Underground Railroad Tour
A One-Day Tour in Central Delaware

Delaware was officially a slave state from colonial settlement through the Civil War, but many Kent County Quakers and Methodists spoke out bravely against slavery and helped to harbor and transport slaves who were escaping bondage in the south. From her hometown of Cambridge, Maryland, beloved leader Harriet Tubman guided fugitives up the Choptank River into Camden, Delaware. Visitors to Central Delaware can see and visit some of the very buildings and landscapes where this struggle against slavery was played out.


Begin your Underground Railroad Tour with a visit to the John Dickinson Plantation south of Dover. This 1740 home was once an active slave-holding plantation that depended on the labor of slaves, free blacks, and other tenant farmers. The “World’s Apart” Slavery Tour at the plantation is guided by a costumed interpreter who discusses what colonial plantation life was like for its many residents. John Dickinson was ahead of his time in manumitting his slaves upon his death in the late 1700’s. 

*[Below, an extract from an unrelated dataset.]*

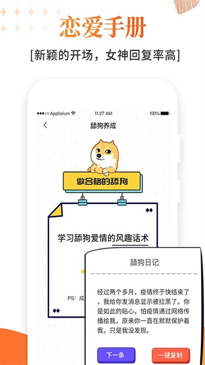 1、一款实时解决尴尬聊天情况的恋爱聊天工具。 聊天技巧、聊天技巧都提供给你。 一款可以与伴侣甜蜜交谈的聊天应用。 一键搜索教你如何聊天回复,如何俘获你的心。

The tour travels next to downtown Dover, to Woodburn, the Governor’s Mansion. Built around 1790, the home once contained a tunnel from the basement to the nearby St. Jones River. The tunnel was used by fugitives who traveled back and forth from transportation on the river to a hiding place in the home. Visitors can still see the tunnel door in the basement. Woodburn was also the site of an unsuccessful kidnapping raid by notorious murderess Patty Cannon of Reliance, Delaware (near Seaford). She was a brutal person who, with her gang, captured fugitive slaves and killed them or sold them back into slavery. Across the street from Woodburn, the Dover Public Library keeps a hatbox that contains an actual human skull, believed to be Patty Cannon’s! 

Enjoy a lunch of seafood and other local specialties at a Dover-area restaurant.

Make a final stop at the Delaware State Visitor Center in downtown Dover for an African American Heritage Tour of the State House. As visitors sit in the judge and jury boxes of this 1792 courtroom, a Delaware State Museums guide will tell about a real-life trial held there involving a captured fugitive, the threat to return him to bondage, and the trial’s surprise ending.